• TASK OBJECTIVE:
All lines at and after the one containing "простейшая дегна 1731", up to the end of the listing below, are to be printed exactly, with the pictures omitted.

• INPUT DATA:
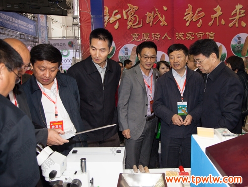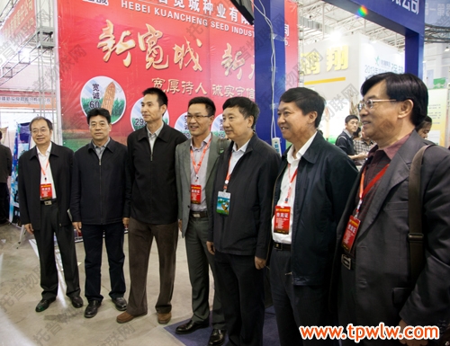 圖為:托普總經(jīng)理陳渝陽(yáng)先生引領(lǐng)農(nóng)業(yè)部種子管理局張延秋局長(zhǎng)(右二),吉林農(nóng)委李國(guó)強(qiáng)主任,全國(guó)農(nóng)技推廣服務(wù)中心黨委杭大鵬(右四)書(shū)記等領(lǐng)導(dǎo)參觀公司展臺(tái)
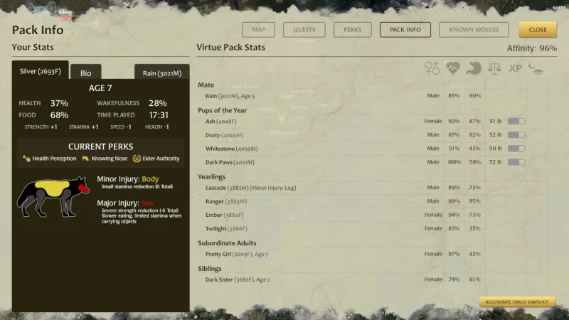 Со временем ваша стая обзаведётся потомством: маленькие щенки — сначала неуклюжие мохнатые шарики, со временем превращаются в опытных хищников. Разве не чудо видеть, как они впервые выходят на охоту? Сезоны сменяют друг друга, природа диктует свои правила: весенние паводки, зимние шторма, стада копытных то появляются, то исчезают вдали, а хитрые лисы устраивают свои маленькие пиршества. Гибкая генетика делает каждого волка по-своему особенным: от окраса до темперамента. Будете ли вы отважным лидером или осторожным одиночкой — зависит от вас. В кооперативном режиме всегда можно позвать друга и вместе воспитать волчат, защищая территорию от чужаков. Когда приходит время, вы передаёте эстафету жизни своим детям — и цикл продолжается. Мир WolfQuest живой, непредсказуемый и никогда не повторяется дважды.
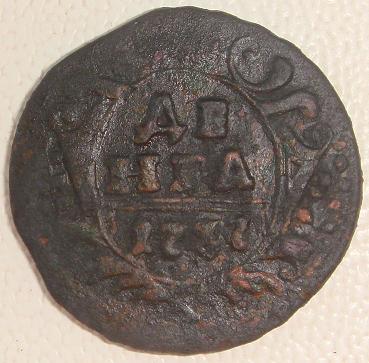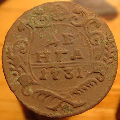 простейшая дегна 1731 года, но какая великолепная по исполнению буква "Д" Вложенные эскизы изображений -------------------- Куплю кладовые денга и полушка 1730-54 г.г.
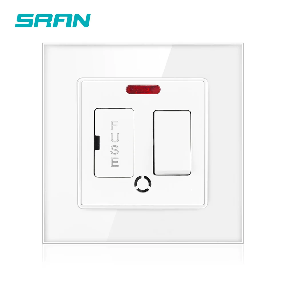 SRAN UK 13a выключатель питания с предохранителем, белый/черный/золотой Кристалл Закаленное стекло панель 86 мм * 86 мм с красным светодиодным индикатором настенный выключатель

• EXERCISE RESULT:
 простейшая дегна 1731 года, но какая великолепная по исполнению буква "Д" Вложенные эскизы изображений -------------------- Куплю кладовые денга и полушка 1730-54 г.г.
 SRAN UK 13a выключатель питания с предохранителем, белый/черный/золотой Кристалл Закаленное стекло панель 86 мм * 86 мм с красным светодиодным индикатором настенный выключатель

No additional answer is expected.